Once you reach the line with "Mengenali hal-hal di", transcribe it and every line after it to the end of the records, exactly, but not the pictures.

====

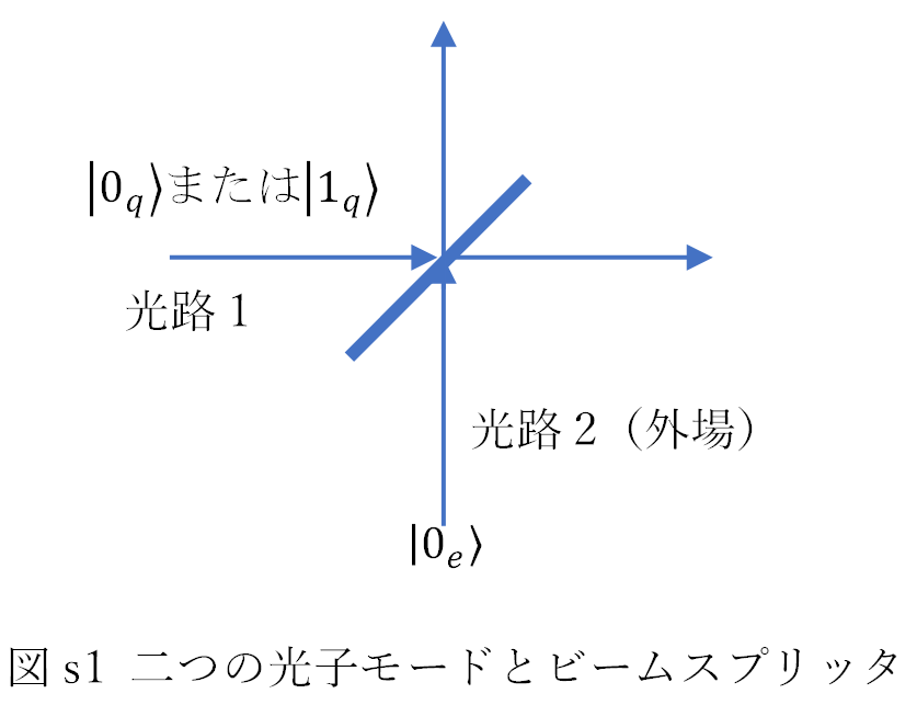 この例では、図s1のように、2本の光路の一方に注目して(光路1=対象の光路)、他方の光路(外場)には初期状態で光子がない(\(\left|0_e\right\rangle\))場合に、ビームスプリッタ通過後の、対象の光路の状態を計算している。
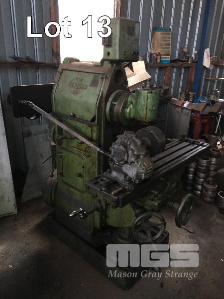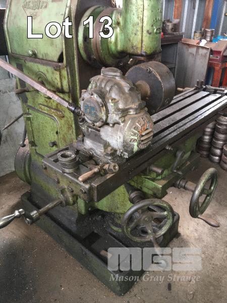 UNIVERSAL MILL, HORIZONTAL/VERTICAL, DENBIGH TABLE SIZE: 1160 x 255mm FITTED WITH SUPER DRIVE RIGHT ANGLE DRIVE UNIT 415V
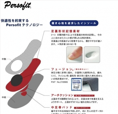 2~3日履き続けることによって、足裏表面の形状を記憶し、その人に合わせたフィット感が得られる特許素材です。足裏面と中底面がより密着するから、履きやすさが違います。※特許第38511921号
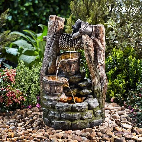 This rustic water feature is made from durable polyresin, and has three pouring jugs and a wishing well. Once filled with water, plug the water feature into a mains socket and the water will start trickling continuously from the top jug, down to the wishing well. The internal pump, pushes the water back up to the top. LED lights illuminate the feature at night. It is ideal for patios and decking, as well as inside conservatories.
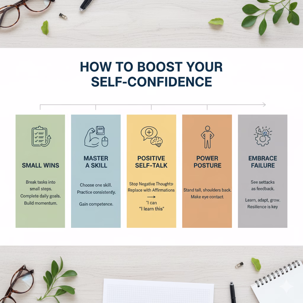Mengenali hal-hal di atas membantu kita menyadari bahwa rasa percaya diri bisa dilatih, bukan sesuatu yang muncul begitu saja.
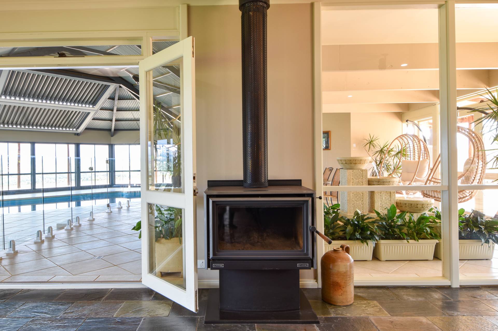- Combustion wood heater in the living area and ducted evaporative air-conditioning cools the home
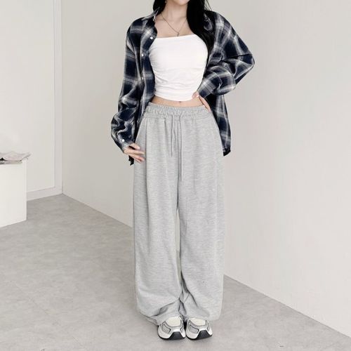 [핑크시슬리] 코튼 블렌딩 핀턱 와이드 트레이닝팬츠
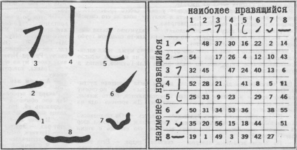 Если вы хотите исследовать с помощью этого теста группу своих друзей и знакомых, попросите каждого из них сделать свой выбор про себя, а не вслух. Дело в том, что выбор одного человека может невольно повлиять на выбор другого, в это исказит результаты. Результаты могут быть искажены еще и вследствие того, что наиболее и наименее нравящийся знак выбраны торопливо, наугад, так что этот выбор не отражает истинных предпочтений участвующего в опыте.

====

Task result:
Mengenali hal-hal di atas membantu kita menyadari bahwa rasa percaya diri bisa dilatih, bukan sesuatu yang muncul begitu saja.
- Combustion wood heater in the living area and ducted evaporative air-conditioning cools the home
 [핑크시슬리] 코튼 블렌딩 핀턱 와이드 트레이닝팬츠
 Если вы хотите исследовать с помощью этого теста группу своих друзей и знакомых, попросите каждого из них сделать свой выбор про себя, а не вслух. Дело в том, что выбор одного человека может невольно повлиять на выбор другого, в это исказит результаты. Результаты могут быть искажены еще и вследствие того, что наиболее и наименее нравящийся знак выбраны торопливо, наугад, так что этот выбор не отражает истинных предпочтений участвующего в опыте.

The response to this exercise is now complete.